Good day all
I have built this circuit as part of a little audio mixer.
Im getting a 200mV DC on the output pin. Opamp is not oscillating at all, actually perfectly clean DC.
I have tried different bipolar and JFET opamps.
This is a dual opamp and both sections have the same resistors.
I also tried a resistor on pins3/5. No difference.
Can anyone help? thanks!
Audio has frequencies as low as 20Hz but your opamp circuit is amplifying DC with its voltage gain of 47 times. Add a input coupling capacitor so that its DC gain is only 1. Using an input capacitor and with the fairly low value 47k feedback resistor then the opamp should have a low input bias current. If the opamp has a high input bias current then the other input should have a resistor to ground with the same value as the feedback resistor, and a capacitor to ground.
For -3dB at 20Hz then the value of the coupling capacitor would be 8uF and for a flat response at 20Hz the capacitor value should be 40uF which is huge.
Why are the resistor values so low? I would use 470k and 10k for the same gain as you have (using a modern OPA2134 dual audio opamp) then the input impedance would be 10 times higher and the capacitor values would be 1/10th. The OPA2134 is low noise and low distortion and has Jfet inputs with almost no input bias current.

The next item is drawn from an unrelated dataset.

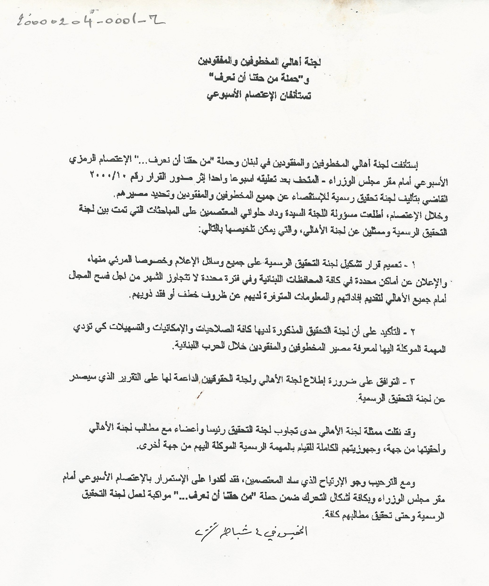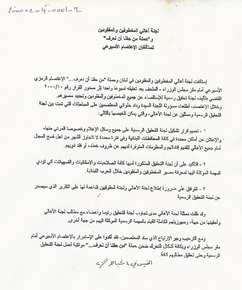 - ar لجنة أهالي المخطوفين والمفقودين وحملة من حقنا ان نعرف تستأنفان الاعتصام الاسبوعي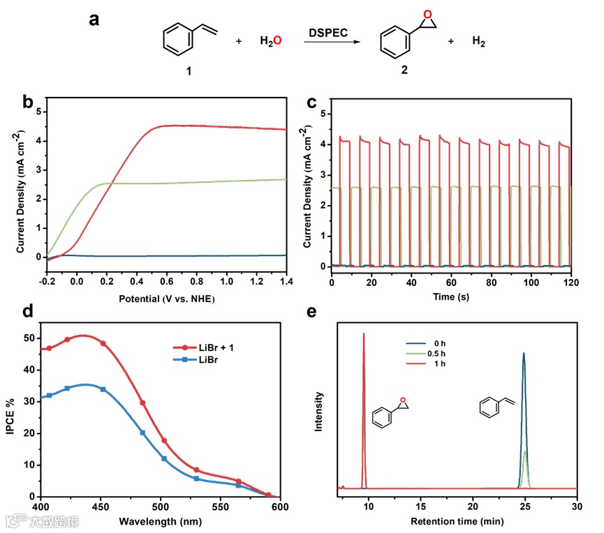 图 2 (a) 光电催化环氧化反应方程式;(b) 光阳极线性伏安曲线;(c) 0.6 V vs NHE电压下,在含有0.1 M LiBr 的CH3CN/H2O中加入(红)和未加入(绿)烯烃1(10 mM)的光电流密度-时间曲线,含0.1 M NH4PF6 的 CH3CN/H2O溶剂中的测试显示为蓝线。(d) 0.6 V vs NHE电压下,TiO2-RuP 在不同波长下的IPCE图。(e) PEC反应过程中在不同时间段所获得的HPLC图。

If the opamp has a high input bias current then the other input should have a resistor to ground with the same value as the feedback resistor, and a capacitor to ground.
Yes on the resistor, no on the capacitor. The "other input" is the non-inverting one, and needs a DC path to GND (or some other voltage) to set the output DC voltage level.
Maybe. I took it to be a series cap, same as what you would use in a non-inverting amp configuration from the inverting input to GND. But he might mean a cap in parallel with the bias current balancing resistor. Don't think I've seen that before.
"The other input should have a resistor to ground and a capacitor to ground" so of course they are parallel, not in series. The bypass capacitor prevents interference pickup. But a modern opamp with a very low input bias current does not need them.